Haiti has always been close to my heart. It is where I grew up, spent my childhood. Our culture, our history, education, and our way of life were deeply installed in me. Haiti is my country.

“I have been interested in helping kids in Haiti for many years. I adopted a little girl 12 years ago who is now 16 years old and extremely smart, then I adopted another little girl 6 years ago when my aunt told me her mom was about to commit suicide with her. She is now 7 years old and lovely.

“The people and the children of Haiti have always needed our help. The earthquake of January 12, 2010 brought an awareness worldwide — but we have been a suffering nation for many, many years.

“When I think about what it is to go to Haiti to give back, I feel it is my duty. When I look at these kids I see me — It could have been in their place but chance gave me a different path to life. It’s only chance!

“I don’t know much about politics and government, but I do know that education plays a major role if not the most important one in a child’s upbringing. During my recent trip to Haiti while interviewing those kids I saw a thirst for knowledge in their eyes, a need for love, a sense of belonging and many of them wondered if there would be a future for them.

“These children need a voice — and if I can be one fraction of that voice to help them, it is the least I can do. Because what I care about most is Haiti’s kids – they are our future. I feel that if we can help them as Haitian-Americans we are ensuring that we will have a better nation down the road. I love Haiti and her children and want to play a role in the creation of a New Haiti.”


Like most Haitian-Americans, Handal Murat is bi-cultural and tri-lingual – and loves kids.

Handal Murat, a medical supplies specialist from Connecticut, grew up in Petionville outside Port-au-Prince. He explained why he went on the trip:

“Having witnessed the international community‘s immediate and overwhelming response to our country in its desperate time of need; I felt as a native Haitian living abroad the obligation to roll up my sleeves and also help. Not going to volunteer was never an option for me. It was more a matter of when. While I know that many Haitians living abroad can’t physically make the trip, I encourage them to help by supporting local fundraisings, supply drives, and even sponsoring an orphaned child.

The news media has left Haiti and the rest of the world will inevitably go back to their lives. Haitians in the Diaspora play a vital role in rebuilding Haiti because of our deep and lasting ties to our beloved country. Many of us still have cousins, aunts and other extended family members living there.

I gained more from the trip than I gave. The resilience and hope of the people is contagious. After touring the destruction in Port-au-Prince and Léogâne, walking through the tent cities and interviewing many of the orphans, I returned home with a totally new perspective of what’s really important.
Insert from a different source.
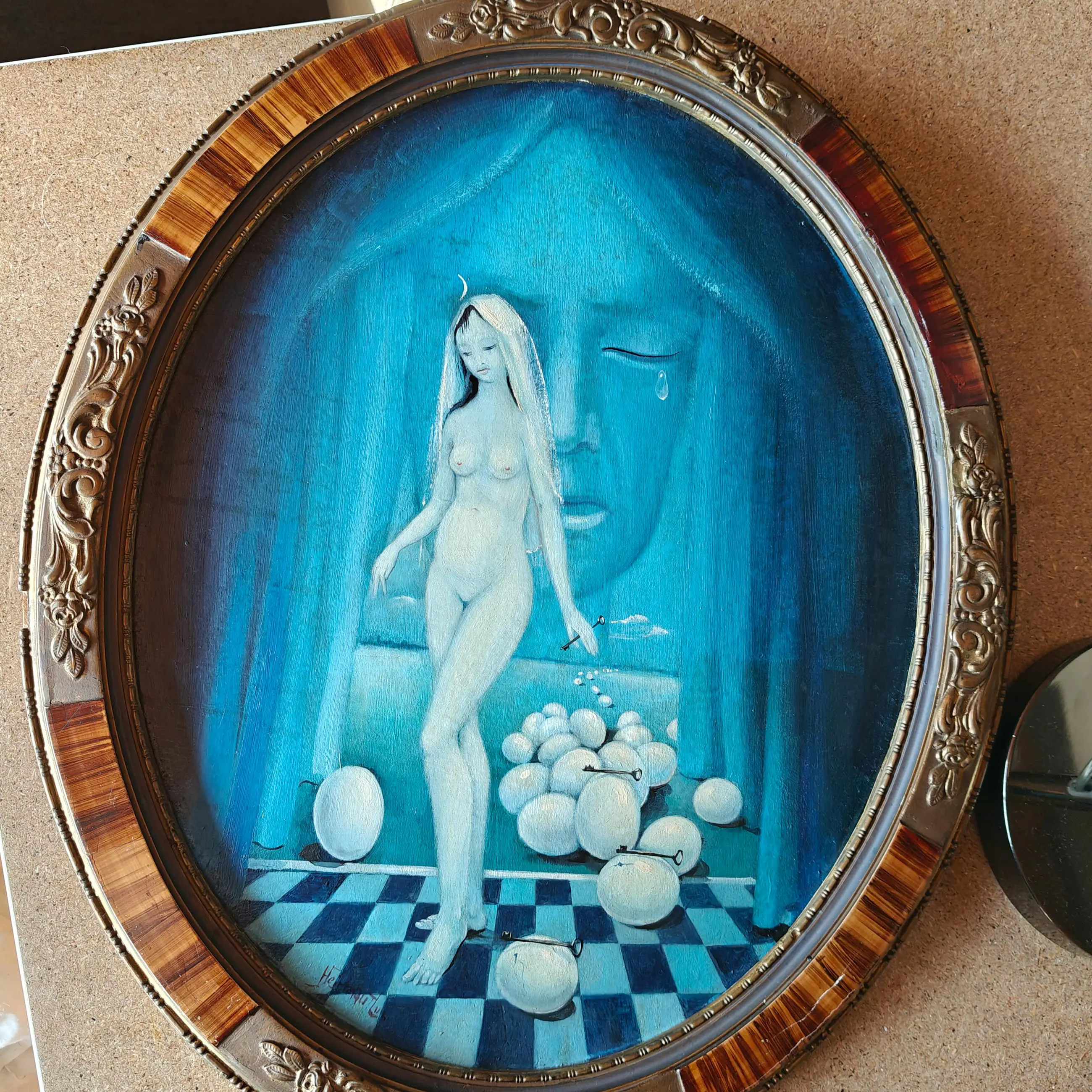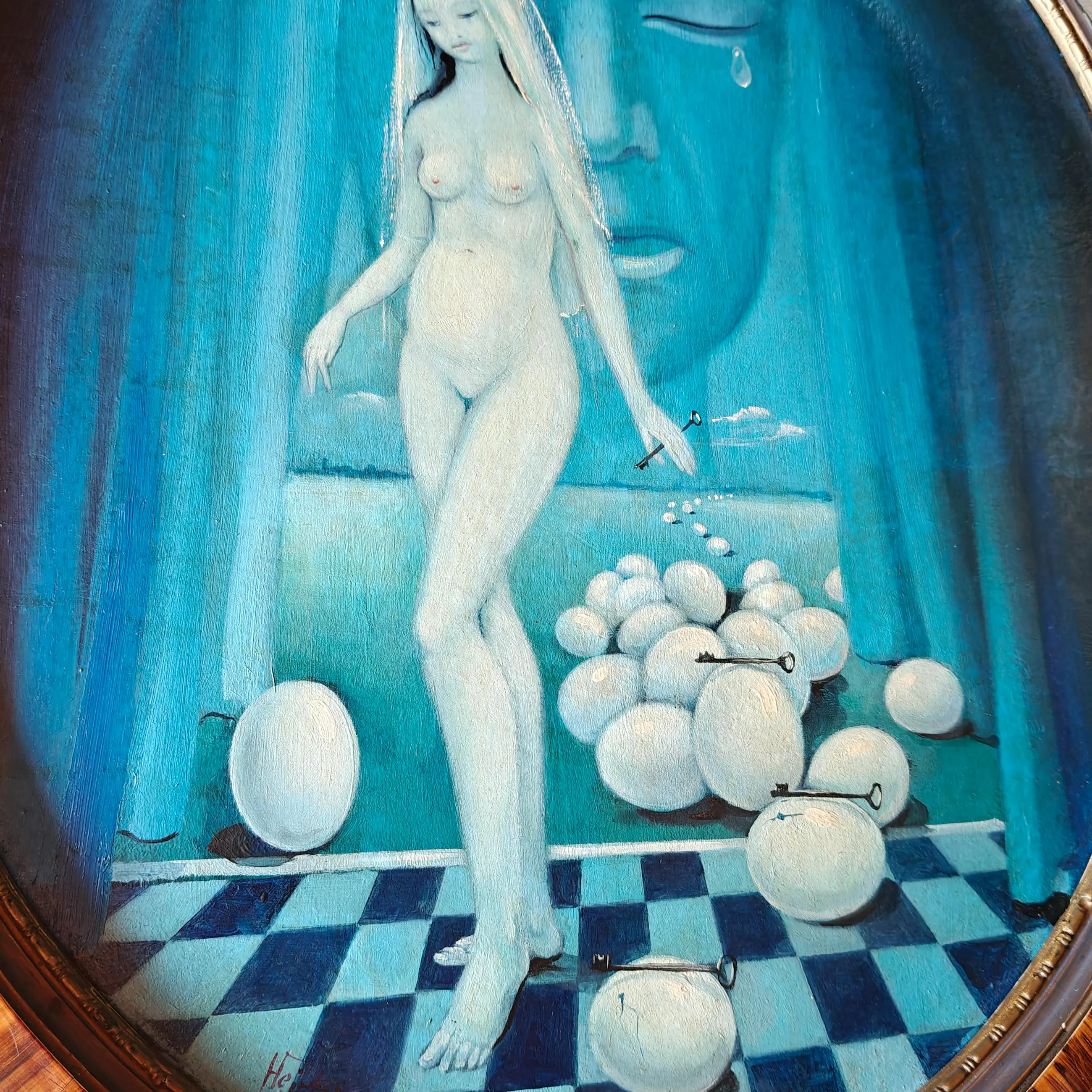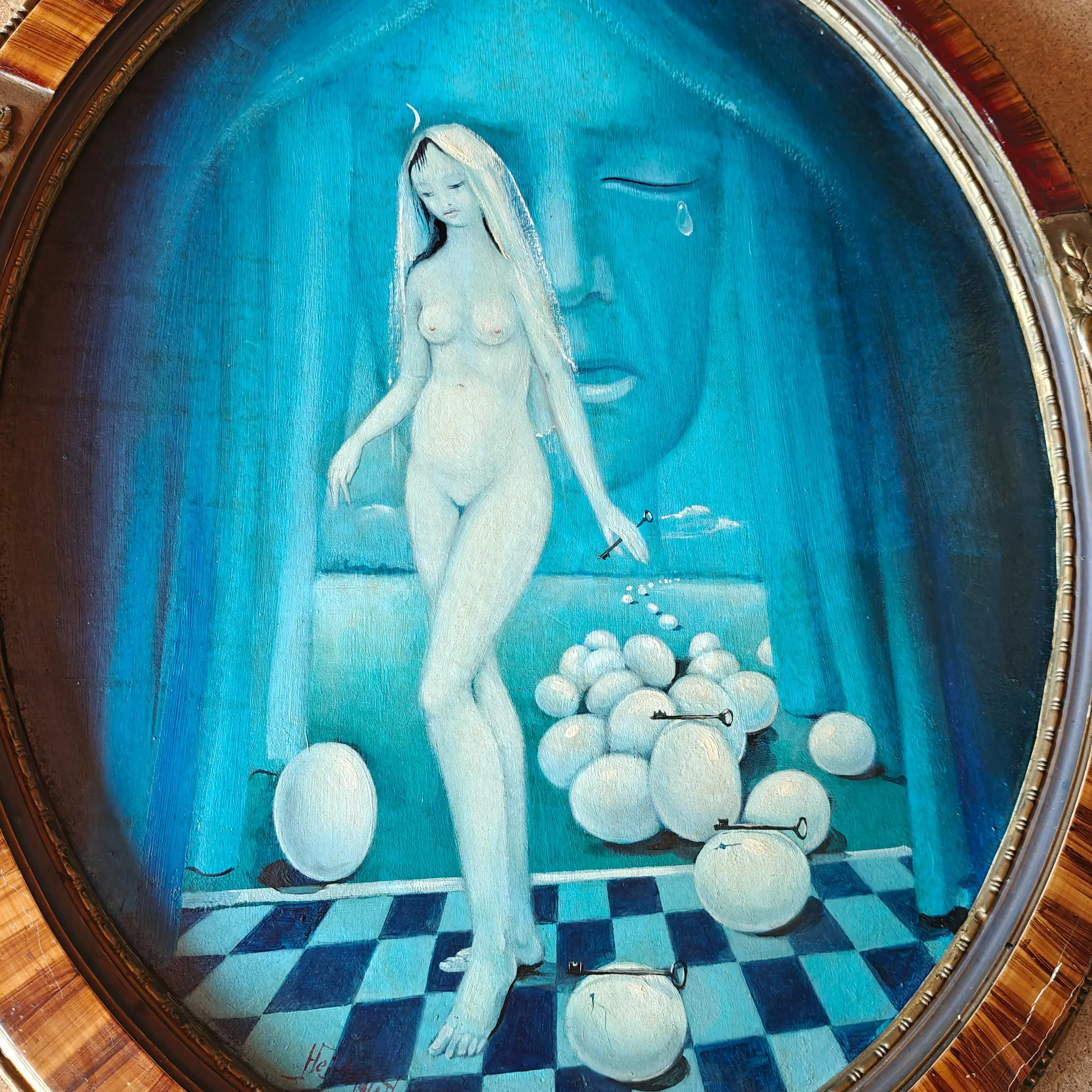 Dit werk trekt direct de aandacht: een serene naaktfiguur, zwevende symboliek (eieren, sleutels) en een diepblauw droomlandschap vol mysterie en emotie. De compositie voelt tijdloos aan – poëtisch, licht surrealistisch en onmiskenbaar een verzamelobject.

For Haitian-Americans, just like it is for all of us, the motivation comes from seeing the results.

The programs Orphans International Worldwide runs in Léogâne include family care for orphaned children, academic scholarships for orphaned students not in family care, and a college leadership mentoring program. There are approximately 100 students in each program.

It seems obvious to this non-Haitian writer that the New Haiti, rising from the ashes of the earthquake, will succeed only with the full support of the Diaspora. Haitian-Americans are called to embrace their moral and social obligations. And they are doing so.